To fill this gap we propose Koursaros, a robust platform that allows you to train and deploy ensembles of pretrained models such as BERT and other SOTA natural language models, to a development environment or production Kubernetes cluster, with a single command. Rather than orchestrating the entire training pipeline from a single monolithic script, Koursaros relies on a distributed microservice infrastructure that leverages a robust messaging system (namely RabbitMQ) to handle buffering between services. This takes the burden off of Python, which, while slow, is necessary for using most cutting edge machine learning libraries.

At a glance

The fundamental unit of Koursaros is a stub. Each microservice has a predefined set of stubs that designate where messages get sent to and from. Stubs can be combined in different ways to define an _action _in a yaml. For example, here is a simplified version of our fact-checking pipeline defined as an action:

  actions:

     factchecking:

       stubs:

         send: client.sendClaims() -> Claim                                   | retrieval

         retrieval: retriever.getRelatedArticles(Claim) -> ClaimWithArticles  | compare

         compare: model.factcheck(ClaimWithArticles)                        ->|

Koursaros can take this yaml definition, spin up each microservice on separate processes, and route the messaging system between the services. If a microservice has multiple stubs, each stub gets its own thread. The type of message being sent is also defined ahead of time. So for the send stub, the client executes the sendClaims function and returns a Claim message to the retrieval stub. The claim message gets routed to the retriever, who takes that Claim and finds related articles with the getRelatedArticles function, and returns a ClaimWithArticles message.

Separating out our services like this allows us to independently scale each component of the pipeline.
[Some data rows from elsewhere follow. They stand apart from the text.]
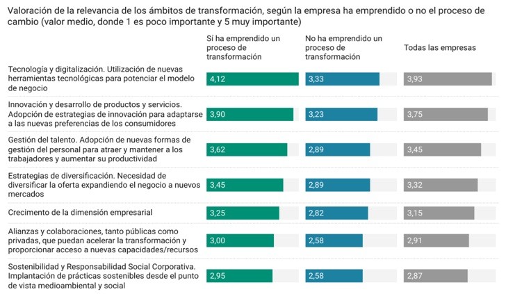 El estudio, basado en una encuesta a 1.765 empresas españolas de todos los sectores y tamaños, identifica la digitalización y la adopción de nuevas tecnologías como el factor más relevante para potenciar el modelo de negocio. Las empresas que han acometido transformaciones valoran como ámbitos clave, por encima de todo, la utilización de nuevas herramientas tecnológicas (4,12 sobre 5), la innovación para adaptarse a nuevas preferencias de los consumidores (3,90) y la gestión del talento (3,62).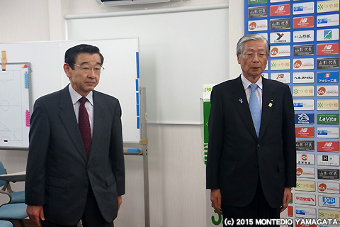 「我々、モンテディオ山形は地元からの支援のもとで、様々な活動を展開しています。今年J1の新しい舞台に復帰はしましたが、今は結果が残せていない状況です。これから、もうひとつ形を作るために、このような有り難い支援が絶対のものだと思っています。この力でクラブが目標に掲げているJ1残留を成し遂げ、みなさんにご報告できるようなシーズンにしたいと思っています。」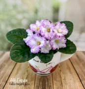 Простые и полумахровые гофрированные белые полуколокольцы с ярко-розовым с зеленцой краем. Стеганные средне-зеленые листья. Парная с АВ-Кай. 2016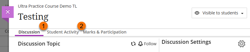 In the Discussion page you may use the tabs Student Activity (1) and Marks & Participation (2) to oversee and mark discussions.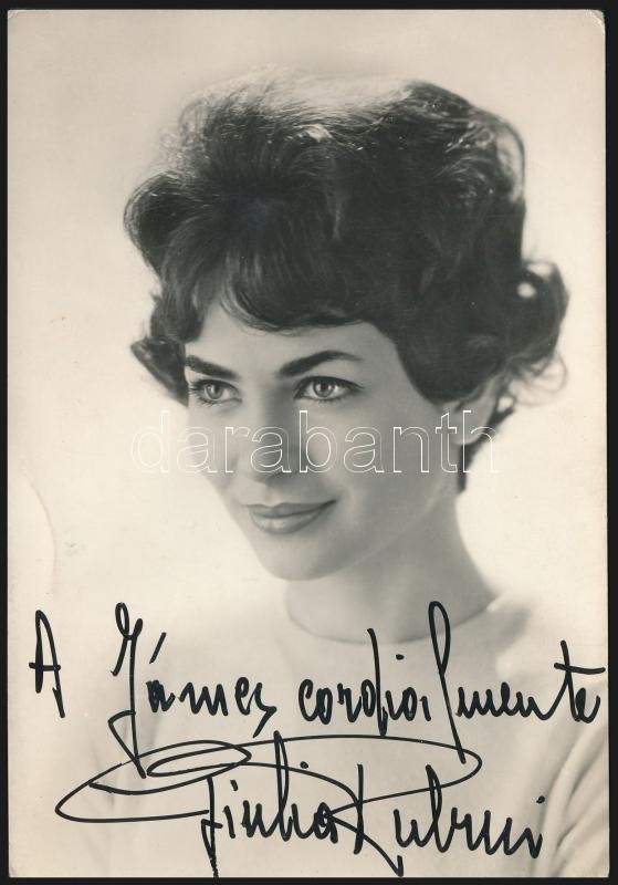 Beschreibung: Giulia Rubini (1935- ) olasz színésznő aláírása őt magát ábrázoló fotón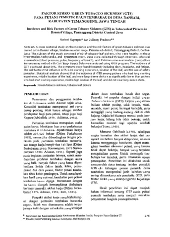 Suprapto, Suriani and Pradono, Julianty (2003) FAKTOR RISIKO 'GREEN TOBACCO SICKNESS' (GTS) PADA PETANI PEMETIK DAUN TEMBAKAU DI DESA BANSARI, KABUPATEN TEMANGGUNG, JAWA TENGAH. Jurnal Ekologi Kesehatan, 2 (3). ISSN 1412-4025

Additionally, the flow of jobs on Koursaros is unidirectional: messages are sent downstream without recipients talking back to senders. Overall, this creates a scalable, non-blocking, low-latency architecture.

Features

Koursaros Features:

• Distributed computing environment with pub-sub architecture to remove backchatter
• Defined protobufs (schemas) which are compiled into python classes, and actions which describe how these protobuffs are routed for various actions.
• Each stub (function) within python microservice can be referenced directly for routing, so multiple stubs can be in the same or different microservices if it makes sense for them to share memory space (e..g same model for encoding and classifying) or have different memory space.
• Deploy to production with build in deployment build pipeline and define replicas for deploying to Kubernetes or another orchestration service with support for GPU acceleration.

Applying Koursaros: Automated Fact-Checking

The goal

We became aware of the need for such a platform while working on the task of automated fact checking. Our goal was to beat the top performers in competitions related to this space, such as the Fake News Challenge (FNC) and the Fact Extraction and Verification (FEVER) workshop. We wanted to see if they could be employed for real-world, low-latency fact checking.

Training Elasticsearch

Rather than relying on hand built matching and filtering heuristics, such as the “entity linking” described by Athene (the top team by information retrieval (IR) for Fever) we were interested in building a system that could be trained for optimal recall on a IR task such as that proposed by FEVER. Additionally such systems could be trained in production by incorporating user feedback.

One of our primary concerns in designing such a system was performance and scalability. This is in keeping with our overall system design for Koursaros, which relies on pub-sub architecture and a robust broker.

We divide our search efforts into those powered primarily by machine learning, and those powered primarily by traditional text search. However, this distinction is blurred by our use of Bayesian optimization for tuning hyperparameters for text search.